Atousa Golshadnejad

Personal information
- Born: June 22, 2003 (age 23) Kermanshah

Sport
- Country: Iran
- Sport: Karate
- Event: Kumite
- Coached by: Pegah Zangeneh

Medal record
Women's karate
Representing Iran
World Championships
| Gold medal – first place | 2025 Cairo | 61 kg |
Asian Championships
| Gold medal – first place | 2023 Malacca | 61 kg |
| Gold medal – first place | 2025 Tashkent | 61 kg |
| Silver medal – second place | 2023 Malacca | Team |
| Bronze medal – third place | 2024 Hangzhou | 61 kg |
| Bronze medal – third place | 2025 Tashkent | Team |
Islamic Solidarity Games
| Gold medal – first place | 2025 Riyadh | 61 kg |

= Atousa Golshadnejad =

Iranian karateka (born 2003)

Atousa Golshadnejad (born June 22, 2003) is an Iranian karate practitioner born in Kermanshah, Iran. Golshadenjad is a member of the Iranian national team in the age group of under 21 and adults. She won the gold medal in the 2021 Asian Championship in Almaty under the age of 21 and the 2023 Asian Championship in Malacca.

== Early life ==
Golshadnejad started karate in 2010 under the supervision of her trainer, Frank Nazari, at the Arad club in Kermanshah. Currently, she is the national champion of the women's karate team of the Islamic Republic of Iran, weighing under 61 kg.

== Career ==

=== 2021 Asian Championship ===
Atousa Golshadnejad appeared in her first international experience in the under-21-61kg category at the 2021 Asian Championships in Almaty, Kazakhstan. In the first round, she defeated Limon Miso from the Philippines with a score of 1:0. In the second round, she defeated Hei Wood Chou from Hong Kong with a score of 4:0 and went to the finals. In the final match, Golshadenjad defeated Asal Kenny from Kazakhstan with a result of 4:3 and won the gold medal of this competition.

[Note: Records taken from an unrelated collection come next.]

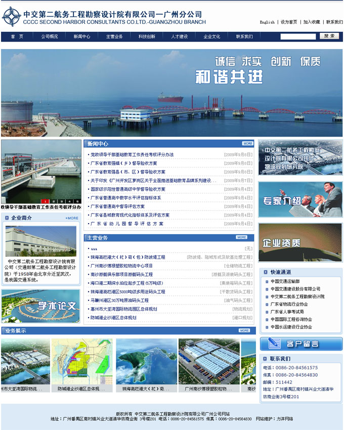 中交第二航務工程勘察設計院有限公司廣州分公司網站建設項目順利完成,完成時間: 2009年9月20日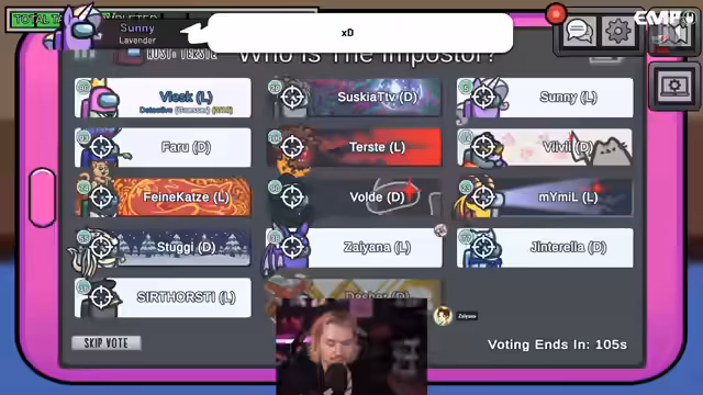 02:11:44In der Endphase des Spiels konzentrieren sich die Verdächtigungen auf Vivi, da sie sich hinter einem Stein versteckte und verdächtiges Verhalten zeigte. Der Streamer kommt zu dem Schluss, dass Vivi mit hoher Wahrscheinlichkeit der Imposter ist, und bittet die anderen, zu skippen. Nach dem Tod von Thorsten, der als Trapper enttarnt wurde, bleibt nur noch Zayana als möglicher Böser übrig. In der letzten Verhandlung wird versucht, die Rolle von Zayana durch einen Ghosting-Versuch zu bestätigen, bevor das Spiel endet.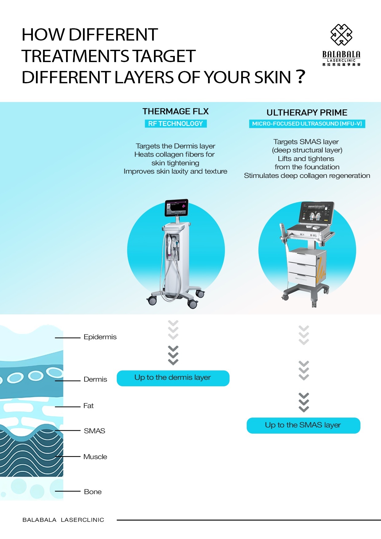 At BalaBala Laser Clinic in Adelaide, our practitioners often sequence treatments by depth. We might recommend Ultherapy Prime first to reposition and lift deeper structures, followed by Thermage FLX several months later to refine surface firmness and skin texture.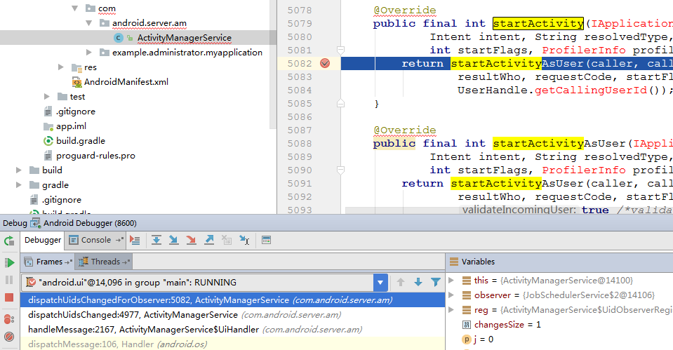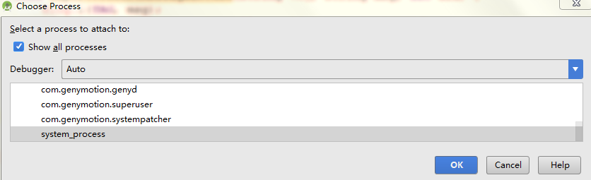 在ActivityManagerService.java的startActivity方法上面设置断点,然后找到菜单的Run -> Attach debugger to Android process勾选Show all process,选中SystemServer进程确定。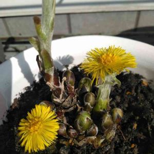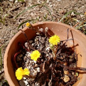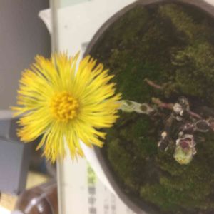 福寿草に似てるけどフキタンポポ。 絵付き豆鉢に一目惚れで年末にお迎えした子です。 素朴でいいわぁ~☺️♥️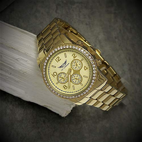 Virtuelle Einkaufswelt are delighted to present the fantastic Pure Time Designer Damenuhr,Damen Strass Uhr in Chronograph Optik Gold.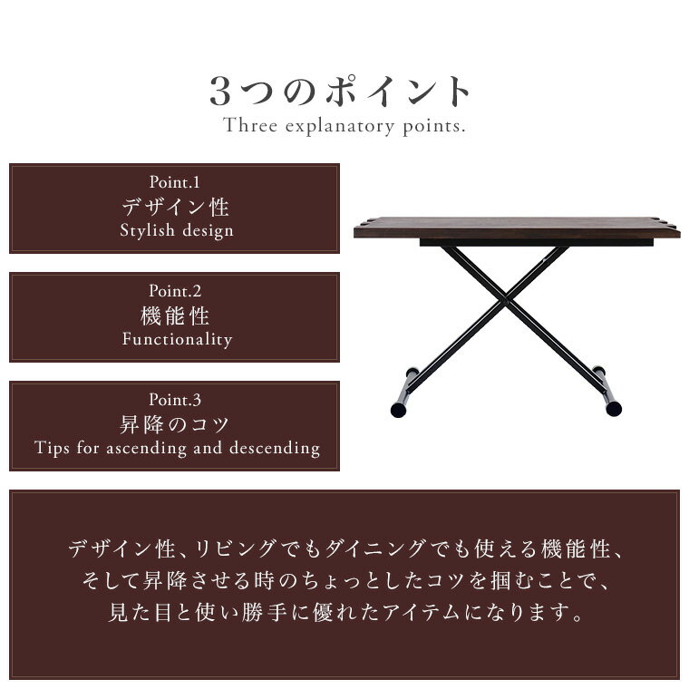 高さ25-72cmまで昇降出来るテーブルは床に座って使う時もLDで使う時も対応出来る高さで、どんな場面でも使用できます。

=== 2022 World Championship ===
Atousa Golshadnejad, representative of the 61-kg weight category under the age of 21 at the 2022 World Championship in Konya, Turkey, after taking a break in the first round, beat Lee Bouchard of Switzerland 8-0 and went to the next stage. In the third round, she won 7-2 against Shafaq Qoutabi from Italy and went to the next round. She defeated Sait Karari from Japan 3-1 in the fourth round. Gulshadanejad lost 4-3 to Gülbahar Gözütok in the semi-final and got another chance for the bronze medal. In the first round, she lost 3-0 to Hilary Jennifer Zamto from France and withdrew from the competition.

=== 2023 Asian Championship ===
In the first round, Golshadnejad beat Mona Al-Diri from Jordan with a score of 2-0, and in the second round, she managed to defeat Asel Kanaya from Kazakhstan with a score of 1-0. The platform of the 2023 Asian Championship 61- Iran women's weight representative in her third match against Gong Li from China, while the result of this competition was 0-0, she won with the judges' vote and Golshadnejad's Hanti and went to the finals of this competition, and in the final competition with the result of 3 Bar Safar defeated the Emirati opponent and became the owner of the 1st gold medal of the Asian Karate Championship.